Balancing the desires for innovation, opportunity and reality
In the Gartner Hype Cycle for Emerging Technologies 2023, the analyst positioned GenAI on the Peak of Inflated Expectations.
Said Arun Chandrasekaran, distinguished VP analyst at Gartner: “The massive pretraining and scale of AI foundation models, viral adoption of conversational agents and the proliferation of generative AI applications are heralding a new wave of workforce productivity and machine creativity.”
While conceding GenAI as a powerful tool that can amplify their employees’ capabilities, Endava's Cloke cautions adding AI is not a replacement for human creativity and decision-making. He suggests engaging the right experts for advice and ensuring the right skills are in place to manage AI tools effectively will allow organisations to reap the benefits of the technology.
To ensure greater clarity on Generative AI adoption, Assin believes it is necessary for leaders to set up a clear strategy for the deployment of Generative AI including its scope, timeline, metrics, and success. Against the backdrop of the inevitable integration of GenAI in employees' day-to-day work, organisations should focus on the risks and rules for the technology’s use and adoption.
"It is crucial to find solutions that satisfy businesses’ needs in a safe environment.
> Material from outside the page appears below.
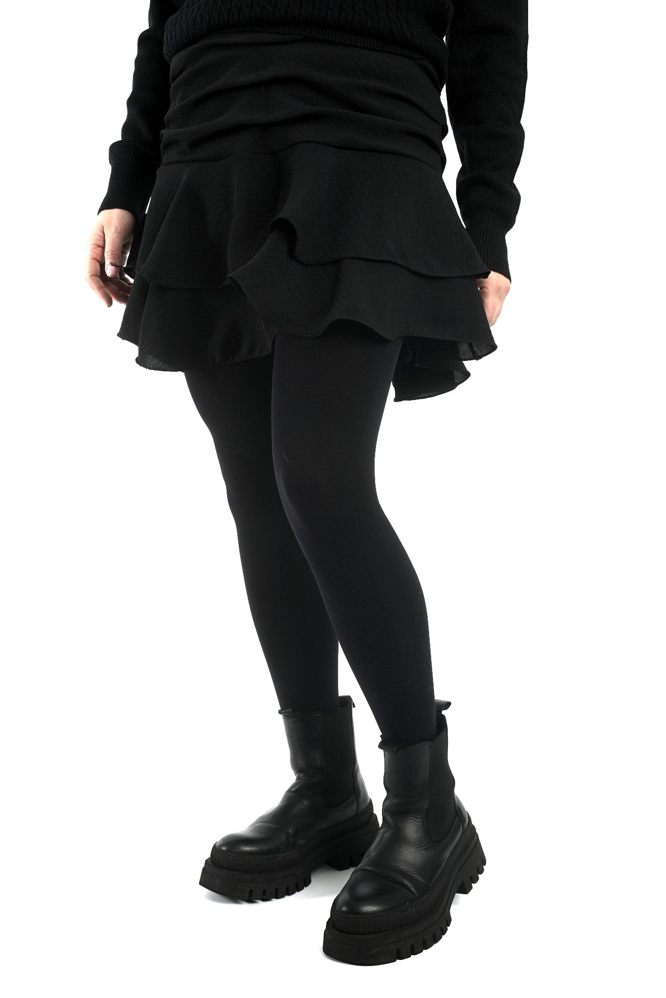 Croială: Fustă scurtă cu falduri, cu jupă pantalon integrată

This requires implementing local instances of AI tools, to ensure that the data given to the AI stays within a controlled environment."
Mike Assin
While endorsing the fostering of a culture of experimentation, VMware's Simos believes that regularly assessing the feasibility, ethical considerations and potential impact of AI-generated ideas ensure that innovation remains grounded.
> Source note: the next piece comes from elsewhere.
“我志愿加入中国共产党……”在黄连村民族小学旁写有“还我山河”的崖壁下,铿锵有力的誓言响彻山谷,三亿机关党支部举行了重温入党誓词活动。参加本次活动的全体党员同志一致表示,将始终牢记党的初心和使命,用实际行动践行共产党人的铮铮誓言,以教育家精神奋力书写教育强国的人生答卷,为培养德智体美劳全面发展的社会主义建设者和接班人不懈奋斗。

"Effective communication, collaboration and a willingness to iterate are essential in guiding the integration of generative AI to create real-world value without losing sight of practicality." Paul Simos
In this, he points to the CTO organisation as the key to the assessment of the risk and feasibility of these technologies and validating which public AI/private AI technologies are safe to use to ensure the privacy and security of customer data.
Takeaways
Capgemini's Windoloski reminds us that GenAI is not “intelligent” in itself. "Humans need to build safeguards around them to guarantee the quality of their output. GenAI content must also be reviewed and tuned for accuracy before use.
He cites three approaches to securing GenAI:
Governance and Tailored Guidelines: Establish secure Generative AI use with custom guidelines for functional, legal, and ethical risks.
Bespoke Solutions: Craft custom, business-driven solutions rather than relying on publicly available tools to ensure reliability, security, and control. Verify data output against established guidelines to further refine and improve Generative AI tools.
Human Expertise and Diversity: Build safeguards with diverse teams of AI experts with extensive cross-domain machine learning experience, countering bias, and ensuring ethical trust.